Матрица войны - стр. 13
Пробуждение в Ташкенте, утренний сочный свет, цветущие сады под крылом. Машина на мгновение касается стальной полосы, чтобы снова взмыть и повиснуть в розовом недвижном пространстве, где медленно, в накаленной глубине, текут бестравые горы, туманные горячие осыпи, рыжие потоки камней. Афганистан, красный, как Марс, с кратерами древних упавших метеоров, с трещинами иссохших каналов. Острый тоскующий взгляд ищет с высоты слабую вспышку взрыва, малую пулеметную искру. Там, в афганских горах, он сам идет, отекая горячим потом, навьючив боекомплект и продукты, и нога в запыленном ботинке ступает на камень, где лежит белый скелет мертвой птицы. И пока они висят над красноватой мглистой землей, кажется, что самолет летит сквозь ржавчину сгоревшей брони, окалину разорванных машин, прах истребленных кишлаков и к стеклу иллюминатора прилипают зеленые частицы расколотых изразцовых мечетей, бледный пепел опаленных садов.
Остановка в Карачи, пассажиров держат в салоне.
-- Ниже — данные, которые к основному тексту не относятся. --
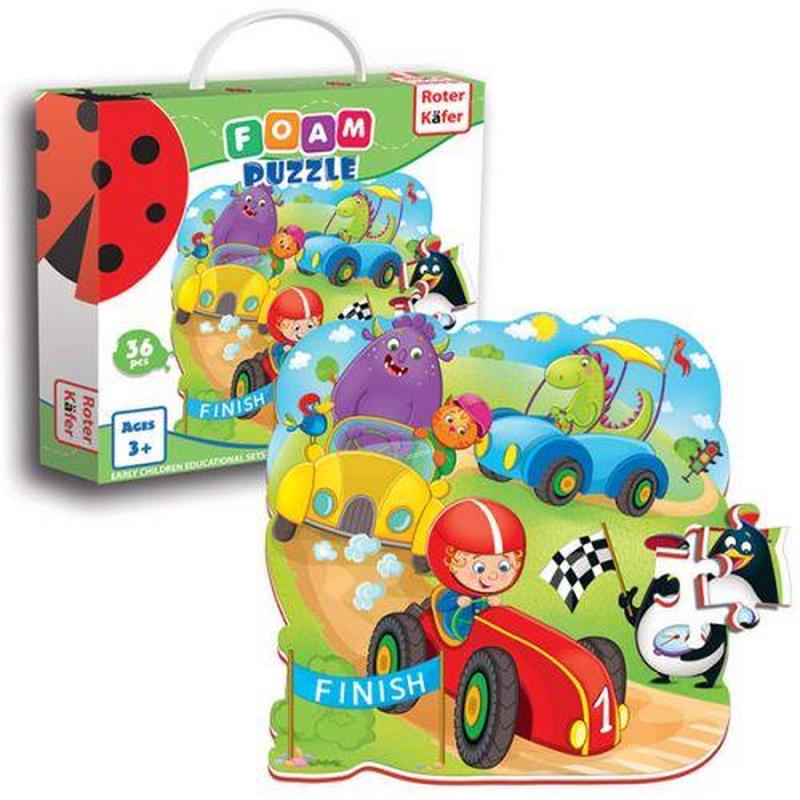 Интересный набор "Гонка" понравится малышу. Мягкие пазлы полностью безопасны для ребенка. Размер одной детали - 8х5 см. Комплект состоит из 36 элементов. Размер готовой картинки 31х31 см. Выполнено из качественных материалов. Для детей от 3-х лет. _
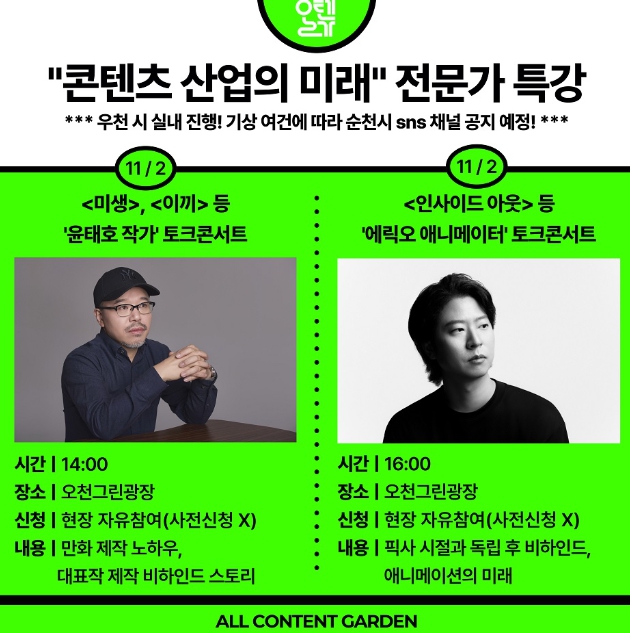 노관규 순천시장은 “잘 가꿔온 생태자원 위에 웹툰, 애니메이션 등 문화콘텐츠를 도시 곳곳에서 경험하고 느낄 수 있도록 이번 행사를 준비했다”며 “특히 예비 작가, 예비 애니메이터로서 순천에 오면 다양한 기회를 접하고, 배우고, 꿈을 키워갈 수 있도록 문화산업의 뿌리를 깊숙이 다지겠다”고 말했다.

Вокруг самолета ходит наряд автоматчиков. Подкатывает под крыло сияющая, из нержавеющей стали цистерна. Пакистанец-заправщик с черным маслянистым лицом, словно умытый нефтью, давит рычаги и кнопки, смотрит на манометры. Вокруг туманное серебристое пространство порта, рыбье, переполненное икрой брюхо DC-10, синяя надпись «Панамерикен». И острое любопытство, влечение к автоматчикам с М-16, к их расовому типу, к антропологии их смуглых лиц, горбатых носов, фиолетовых губ. Он – в недрах другого континента, другой культуры, и если невидимо сойти с самолета, просочиться, как тень, сквозь охрану, шагнуть на горячую, омытую ливнем траву, то окажешься среди иного народа, его мистической музыки, таинственной красоты, витающей над горячими рынками, белыми минаретами, ленивыми потоками огромных медлительных рек.
Полет над Гималаями – голубое, алое, белое. В ледниках загораются огромные разноцветные фонари. Глаз не может утолить чудную жажду, созерцая густую лазурь, в которой расселись по вершинам белобородые старцы, недвижные мудрецы, стерегущие врата в заповедное царство, куда нет входа земными путями и тропами, и только самолет пролетает над едва различимыми пагодами, золочеными сонными Буддами.
Бомбей – худощавые, с огромными глазами индусы, белые тюрбаны, алое пятнышко между женских черно-синих бровей. И сидеть, дожидаясь посадки, наслаждаясь счастливым одиночеством, своей неопознанностью, наблюдая из-под шапки-невидимки торопливые толпища, не ведающие, что он, Белосельцев, оказался на миг среди них.
Курчавые тенистые джунгли, испарения горячих болот, оловянная струя Меконга. Вьетнам, драгоценный, нарисованный на земле густым изумрудом, синим кобальтом, красным суриком. Хочется коснуться мягкой теплой земли, поднести к губам белый лотос, узреть в ветвях золотистую горбоносую птицу, клюющую сочный плод. Краткая посадка в Сайгоне с разгромленными коробами ангаров, где в бетонных пазухах догнивают взорванные бомбардировщики, алюминиевым сором блестят расщепленные «дугласы», завалились на бок пятнистые, без винтов, «сикорские». И кажется, что в мятых кабинах еще истлевают пилоты, костлявые руки в браслетах давят рычаги и гашетки. Война, неостывшая, сочится зловонием, мерцает ядовитыми угольками, источает голубые дымки тлеющих комбинезонов.